Posted by imyuka <oc...@163.com>.

Thanks Nick, I really appreciate it. In this case, does it suppose that formatted context extraction can only be processed by producing corresponding XHTML file as output? I roughly checked up the book <Tika in Action> and found the instruction about transforming a document to a XHTML file with command line, while I have no idea about the Java coding implementation. Are there any instructions or tutorials I can refer to?

Thanks!

At 2014-10-09 20:46:01, "Nick Burch" <ap...@gagravarr.org> wrote:
>On Thu, 9 Oct 2014, imyuka wrote:
>> Here is my problem: I have extracted plain texts from a serious of 
>> doc(x) documents and their titles via the "dc:title" label of metadata, 
>> but I'm not sure this is the right way to attain a title of a document. 
>> In many cases, a title inside a document could be of the largest 
>> font-size and bold-style, which I want to utilized to extract the very 
>> title, however, I have no idea how to get a formatted content and 
>> font-size/bold-style detection
>
>If it's been styled as a heading, then you'll be able to get that from the 
>html contents.
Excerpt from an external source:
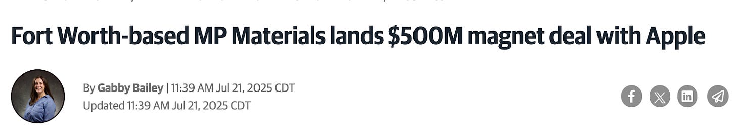 MP 0.00%โ will provide neodymium-praseodymium, a metal used to produce magnets, while AAPL 0.00%โ issued a pre-payment of $200 million!ย

If in Word it's styled as normal body text, but manually 
>set to a larger font size, then there's nothing in Tika to help with that.
>
>Nick

Re: Formatted Content Extraction and Title Detection

Posted by Nick Burch <ap...@gagravarr.org>.

On Thu, 9 Oct 2014, imyuka wrote:
> Here is my problem: I have extracted plain texts from a serious of 
> doc(x) documents and their titles via the "dc:title" label of metadata, 
> but I'm not sure this is the right way to attain a title of a document. 
> In many cases, a title inside a document could be of the largest 
> font-size and bold-style, which I want to utilized to extract the very 
> title, however, I have no idea how to get a formatted content and 
> font-size/bold-style detection

If it's been styled as a heading, then you'll be able to get that from the 
html contents. If in Word it's styled as normal body text, but manually 
set to a larger font size, then there's nothing in Tika to help with that.

Nick